La poésie des femmes


Angezogen, halbnackt, nackt – sich räkelnd, verführerisch, neckisch, lasziv, sexy, vulgär, obszön, sinnlich, betörend, heilig – die Begriffe liessen sich beliebig erweitern. Wie bei Heinrich Heines «Das Fräulein stand am Meere» ist auch der Frauenakt nichts weiter als ein «altes Stück», doch wie der Sonnenuntergang vermag er seit Jahrtausenden nicht nur die Männer zu faszinieren. Es ist die Abwechslung, die Variation, die Reize schafft. Auch wenn die Attribute gleich bleiben, der Anblick ist jedes Mal anders und verfehlt seine Wirkung nicht. Ein Glück für die Menschheit – ihr wäre sonst das gleiche Schicksal bestimmt wie den Dinosauriern. Doch die Nackten und Schönen, sie sind realer denn je. Verbargen sich ihre Bilder früher in geheimen Fotoalben oder in den Portefeuilles unserer Grossväter, tauchten sie später dann vereinzelt auf Postkarten auf und heute sind sie aus der Werbung nicht mehr wegzudenken. 

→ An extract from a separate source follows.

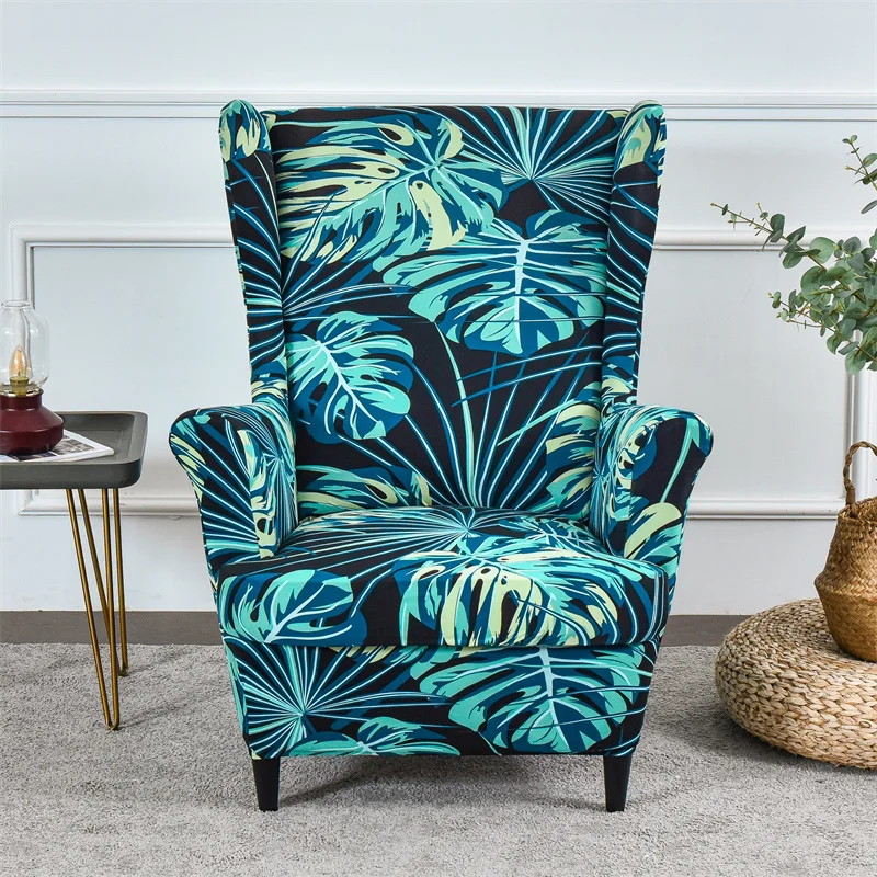 Эластичный Чехол для стула с крыльями, эластичный чехол из спандекса с тропическими растениями для расслабляющих кресел, чехол для дивана, защита мебели, чехол для ног

Nicht nur für Mode und Parfüms, auch für Bier, Wodka, Butter und Burger dient die nackte Haut als Eyecatcher. Auch hier ist es die Variation und die Innovation, die verführt. Auf Variationen basieren auch die Rahmen, mit denen Silvia Boss die Nackten umgibt, doch dahinter steckt eine andere Konsumhaltung. Hier sind die Nackten und Schönen nicht Mittel zum Zweck, um auf irgend welche Produkte aufmerksam zu machen, hier stehen sie selbst im Zentrum, werden selbst zu Ikonen. Passend zu den Bildern und ihrer Machart, wurden sie mit Zierleisten, Federn, Elefantenhaut, Schildpatt, Stoffen, Arabesken, Sternen, Blumen oder alten und kostbaren Hölzern umgeben. Sie erhielten so alle eine Art Kleidung, einen Zierrat, der wie eine Aura wirkt. Kein Wunder, dass die Kleinodien bald ausverkauft waren. 

Nun gibt’s von allen Kunstwerken eine Kartenserie. Ein Blick durch das Schlüsselloch lohnt sich.